My Saturday mornings have been freed up recently by a change in Alison’s math tuition timing. She goes for class at 12.30pm now instead of 10.30am previously, so I can actually sleep in if I want to. Unfortunately my body clock seems irrevocably tuned to waking up at or before 7am, regardless of whether it’s a weekend or a weekday. The girls are old enough not to want me with them at all hours, so I have stretches of time to myself after breakfast while they shut themselves in their room to play Lego or Barbie dolls together.
This morning, I decided to clean out our medicine cabinet. We have a big cabinet with several shelves, and they are chock-a-block with everything from a single child’s knitting needle to masking tape. Why these items are in there in the first place, I have no idea! There are also dozens of canisters and bottles, not to mention stray eye drop tubes and ulcer films. Also, nail clippers. Why does a single family need three nail clippers??
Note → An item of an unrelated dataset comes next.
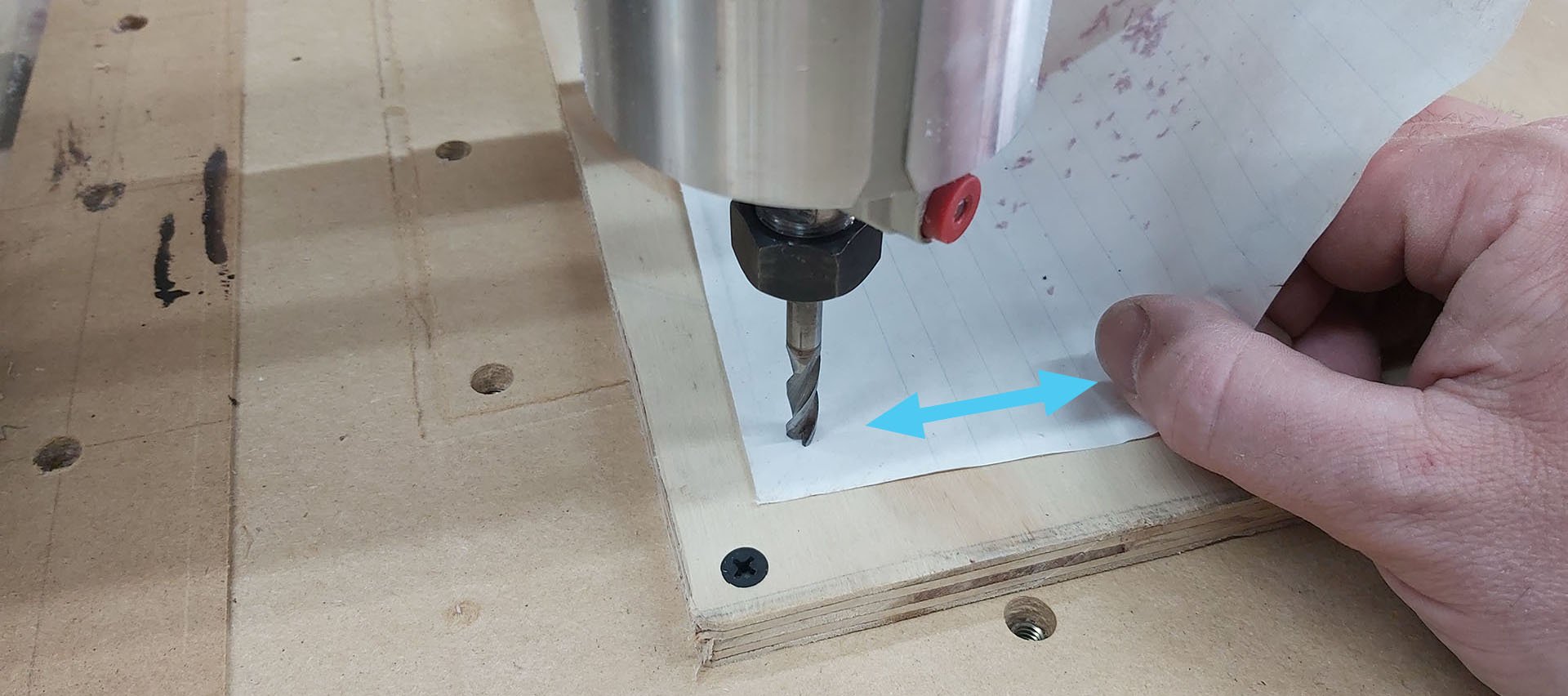 Lower the bit to the material by jogging the Z-axis down. When you are just above the surface, change to precise jogging. Place a piece of paper under the bit. Move the paper back and forth and at the same time, lower the bit. When there is resistance sliding the paper, the bit is at the correct position. Zero the Z location in the software. Raise the bit, go to your X and Y starting positions and you’re ready to begin.
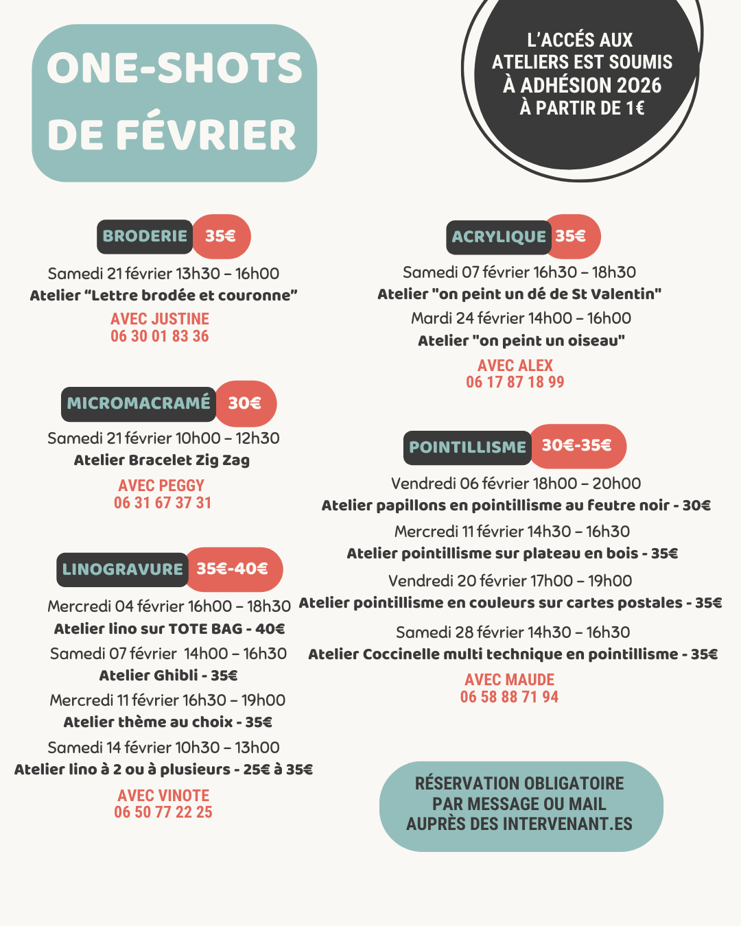 L’adhésion est ouverte à toutes et tous, à partir de 1 €, et permet de soutenir concrètement un collectif local d’artistes et d’artisans.

The Japanese have invented a system for spring cleaning or just generally keeping things tidy. It’s called 5S. In English, the Ss stand for Sort, Set in order, Shine, Standardize and Sustain. I have a system called 5T – Throw, Throw, Throw, Throw, Throw. I threw out anything that looked like it hadn’t been used in a long time or had clearly expired. Out went a tube of Betasone prescribed in January 2011, lipsticks that had been half-used and then forgotten, and rusty old hairpins that had been lying at the bottom of a contained coated in grease from a leaking tube of something or other. Gross.
I’m not quite done yet, but I’m happy that there’s some semblance of order on the shelves now and that I’ve managed to get rid of things that really should have been junked a long time ago. If nothing else, spring cleaning is a lesson in How To Choose Personal Care Products. Among the items I threw away was a barely used almost-brand new MAC lipstick in a very weird and unflattering shade of berry. I must have been drunk when I bought it, I think.
Keeping things tidy is a continuous process so this can’t and won’t be a once-off spring cleaning. Before long, the cabinet will resume its normal messiness. Then, it will be K’s turn to sort things out!